There is no single “magic bullet” to fix TennCare’s problems, but lawmakers of both parties must pursue a combination of reforms in the months ahead.
I expect that we will seek passage of laws requiring the TennCare Bureau, with effective oversight and technical support, to institute overdue management reforms that can save money and improve patient care. Such measures include computerized review of drug prescribing and use, and targeted disease management programs.
We also will seek ethics reforms that specifically address the cronyism that has undermined public confidence in TennCare and compromised its integrity.
We will ask to extend coverage to the sickest patients who have lost TennCare, and will do so on a basis that is financially sound. We will also call upon Tennessee’s congressional delegation for help in restoring federal funding.
Tennesseans have a long tradition of responding to their neighbors in need. I am confident that the legislature will honor that tradition this year by requiring management reforms that will put TennCare on a sound financial footing and restore coverage to those most in need.
TREAT- TennCare Reform
TennCare Reform, Ethics, Accountability, and Transparency Act of 2006
NO NEW REVENUE NECESSARY FOR TREAT BILL
With the current revenue stream and with better management of the program, no new taxes are necessary. The TREAT BILL includes the following:
-
Re-Opens Enrollment for the Medically Eligible or Uninsurable.
-
Would return approximately 67,000 Tennesseans back onto the roles. Some Uninsured (the working poor) of the 121,000 cut would become eligible.
-
Restores Medically Needy or “spend-Down” Program.
This would allow 97,000 sick patients to remain on TennCare as promised .
-
Ensure that all children below 200% of Poverty receive healthcare.
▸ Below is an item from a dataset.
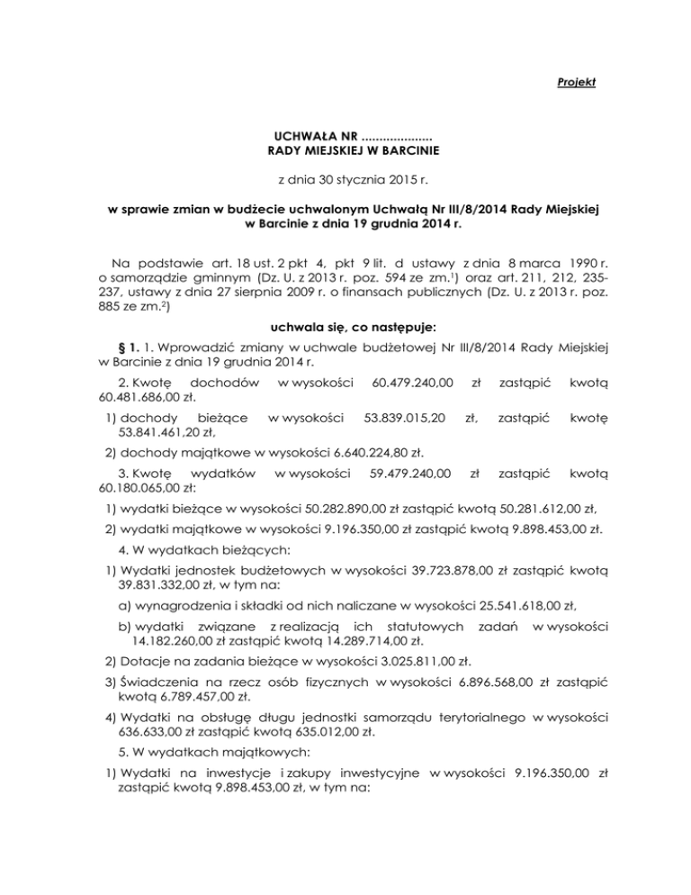 Projekt UCHWAŁA NR .................... RADY MIEJSKIEJ W BARCINIE z dnia 30 stycznia 2015 r. w sprawie zmian w budżecie uchwalonym Uchwałą Nr III/8/2014 Rady Miejskiej w Barcinie z dnia 19 grudnia 2014 r. Na podstawie art. 18 ust. 2 pkt 4, pkt 9 lit. d ustawy z dnia 8 marca 1990 r. o samorządzie gminnym (Dz. U. z 2013 r. poz. 594 ze zm.1) oraz art. 211, 212, 235237, ustawy z dnia 27 sierpnia 2009 r. o finansach publicznych (Dz. U. z 2013 r. poz. 885 ze zm.2) uchwala się, co następuje: § 1. 1. Wprowadzić zmiany w uchwale budżetowej Nr III/8/2014 Rady Miejskiej w Barcinie z dnia 19 grudnia 2014 r. 2. Kwotę dochodów 60.481.686,00 zł. 1) dochody bieżące 53.841.461,20 zł, w wysokości w wysokości 60.479.240,00 53.839.015,20 zł zastąpić kwotą zł, zastąpić kwotę zł zastąpić kwotą 2) dochody majątkowe w wysokości 6.640.224,80 zł. 3. Kwotę wydatków 60.180.065,00 zł: w wysokości 59.479.240,00 1) wydatki bieżące w wysokości 50.282.890,00 zł zastąpić kwotą 50.281.612,00 zł, 2) wydatki majątkowe w wysokości 9.196.350,00 zł zastąpić kwotą 9.898.453,00 zł. 4. W wydatkach bieżących: 1) Wydatki jednostek budżetowych w wysokości 39.723.878,00 zł zastąpić kwotą 39.831.332,00 zł, w tym na: a) wynagrodzenia i składki od nich naliczane w wysokości 25.541.618,00 zł, b) wydatki związane z realizacją ich statutowych 14.182.260,00 zł zastąpić kwotą 14.289.714,00 zł. zadań w wysokości 2) Dotacje na zadania bieżące w wysokości 3.025.811,00 zł. 3) Świadczenia na rzecz osób fizycznych w wysokości 6.896.568,00 zł zastąpić kwotą 6.789.457,00 zł. 4) Wydatki na obsługę długu jednostki samorządu terytorialnego w wysokości 636.633,00 zł zastąpić kwotą 635.012,00 zł. 5. W wydatkach majątkowych: 1) Wydatki na inwestycje i zakupy inwestycyjne w wysokości 9.196.350,00 zł zastąpić kwotą 9.898.453,00 zł, w tym na: a) wydatki na programy finansowane z udziałem środków, o których mowa w art. 5 ust. 1 pkt 2 i 3 ustawy o finansach publicznych, w części związanej w realizacją zadań jednostki samorządu terytorialnego w wysokości 32.451,00 zł. 6. Nadwyżkę budżetową w wysokości 301.621,00 zł przeznacza się na spłatę otrzymanych pożyczek z Wojewódzkiego Funduszu Ochrony Środowiska i Gospodarki Wodnej. 7. Wolne środki, o których mowa w art. 217 ust. 2 pkt 6 ustawy o finansach publicznych w wysokości 786.525,00 zł przeznacza się na spłatę otrzymanych pożyczek z Wojewódzkiego Funduszu Ochrony Środowiska i Gospodarki Wodnej. § 2. Określa się limit zobowiązań z tytułu zaciągniętych kredytów i pożyczek oraz emitowanych papierów wartościowych na finansowanie przejściowego deficytu budżetu w kwocie 1.000.000,00 zł. § 3. Wykonanie Uchwały powierza się Burmistrzowi Barcina. § 4. Uchwała wchodzi w życie z dniem ogłoszenia w sposób zwyczajowo przyjęty. 1] Zmiany tekstu jednolitego wymienionej ustawy zostały ogłoszone w Dz. U. z 2013 r. poz. 645 oraz poz. 1318, z 2014 r. poz. 379, poz. 1072. 2] Zmiany tekstu jednolitego wymienionej ustawy zostały ogłoszone w Dz. U. z 2013 r. poz. 938, poz. 1646, z 2014 r. poz. 379, poz. 911, poz. 1146, poz. 1626, poz. 1877. Uzasadnienie 1) Wprowadza się zmiany w Uchwale budżetowej Nr III/8/2014 Rady Miejskiej w Barcinie z dnia 19 grudnia 2014 roku po stronie dochodów w wysokości 2.446,00 zł oraz wydatków w wysokości 700.825,00 zł. 2) Zgodnie z zapisami Rozporządzenia Ministra Finansów z dnia 16 grudnia 2014 r. zmieniającego rozporządzenie w sprawie szczegółowej klasyfikacji dochodów, wydatków, przychodów i rozchodów oraz środków pochodzących ze źródeł zagranicznych (Dz. U. z 2014 r. poz. 1952), dokonuje się zmiany planu dochodów z tytułu opłaty za gospodarowanie odpadami komunalnymi z działu 756, rozdz. 75618 "Wpływy z innych opłat stanowiących dochody jednostek samorządu terytorialnego na podstawie ustaw" do działu 900, rozdz. 90002 "Gospodarka odpadami". 3) W planie dochodów w dziale 801, rozdz. 80101 wprowadza się § 2400 "Wpływy do budżetu pozostałości środków finansowych gromadzonych na wydzielonym rachunku jednostki budżetowej" w wysokości 780,00 zł, z tytułu przekazania na rachunek budżetu gminy niewykorzystanych w 2014 r. środków finansowych zgromadzonych na rachunku wydzielonym Szkoły Podstawowej Nr 2 w Barcinie. Jednocześnie w planie wydatków dokonuje się zwiększenia w dziale 801, rozdz. 80101 § 4210 „Zakup materiałów i wyposażenia" o wyżej wymienioną kwotę. 4) W związku z otrzymaniem darowizny od firmy Chemirol z Mogilna z przeznaczeniem na dofinansowanie wyżywienia uczniów Zespołu Publicznych Szkół Nr 1 w Piechcinie, wprowadza się w planie dochodów w dziale 801, rozdz. 80148 § 0960 "Otrzymane spadki, zapisy i darowizny w postaci pieniężnej" w wysokości 1.666,00 zł. W związku z powyższym w planie wydatków dokonuje się zwiększenia w dziale 801, rozdz. 80148 § 4220 "Zakup środków żywności" o wyżej wymienioną kwotę. 5) W Funduszu Sołeckiego dokonuje się następujących zmian w planie wydatków: Nazwa sołectwa Dział Rozdział Paragraf 010 01095 4300 Zakup usług pozostałych 1,00 900 90095 6050 Opracowanie projektu zagospodarowania działki nr 86 w Barcinie Wsi 1,00 Dąbrówka Barcińska 010 01095 4210 Zakup materiałów i wyposażenia 1,00 Józefinka 010 01095 6050 Doposażenie placu zabaw w Kniei (sołectwo Józefinka) 1,00 Kania 010 01095 4210 Zakup materiałów i wyposażenia 1,00 Krotoszyn 900 90095 6050 Utwardzenie placu przy świetlicy wiejskiej w Krotoszynie 1,00 Piechcin 600 60017 6050 Budowa chodnika przy ul. Pałacowej w Piechcinie 1,00 Sadłogoszcz 010 01095 4210 Zakup materiałów i wyposażenia 1,00 Zalesie Barcińskie 900 90095 6050 Modernizacja świetlicy wiejskiej w Zalesiu Barcińskim 1,00 Złotowo 010 01095 6050 Budowa placu zabaw w sołectwie Złotowo 1,00 Barcin Wieś Nazwa paragrafu/zadania Wartość 6) Zgodnie z zapisami Rozporządzenia

Currently Tennessee is the only state in the country that only covers the Federal Minimum number of Children (those 100% of Poverty or below).
-
Lifts hard limits on 5 prescriptions per month for the sickest Tennesseans to what is medically necessary.
Disease Management $45 MILLION
Requires the state to improve how it manages care for the 51,000 TennCare enrollees (4%) who use 47% of TennCare resources, so that their health care is effective and less costly.
Drug Utilization Review Minimum savings: $50 MILLION
Control drug overuse and abuse by using academic institutions already capable of identifying overuse and educating doctors how to prescribe more effectively and economically.
Home Health Care Support Minimum savings: $45 MILLION
Allows consumers to use vouchers to obtain home care instead of going into nursing homes. Each person who chooses home care would save TennCare an average of $4,400 per year.
Therapeutic Substitution $100 MILLION
Requires the use of the least costly drugs that will effectively treat patients, not the cheapest and not only what is adequate.
Accountability of MCOs
Makes managed care contractors assume financial responsibility for managing patient care.
Corporate Accountability
Holds accountable large corporations that encourage workers to receive state health care instead of providing affordable health coverage.
Call To Maximize Federal Matching Funds $200 MILLION
Requires state to seek 2-for-1 federal matching funds for safety net services.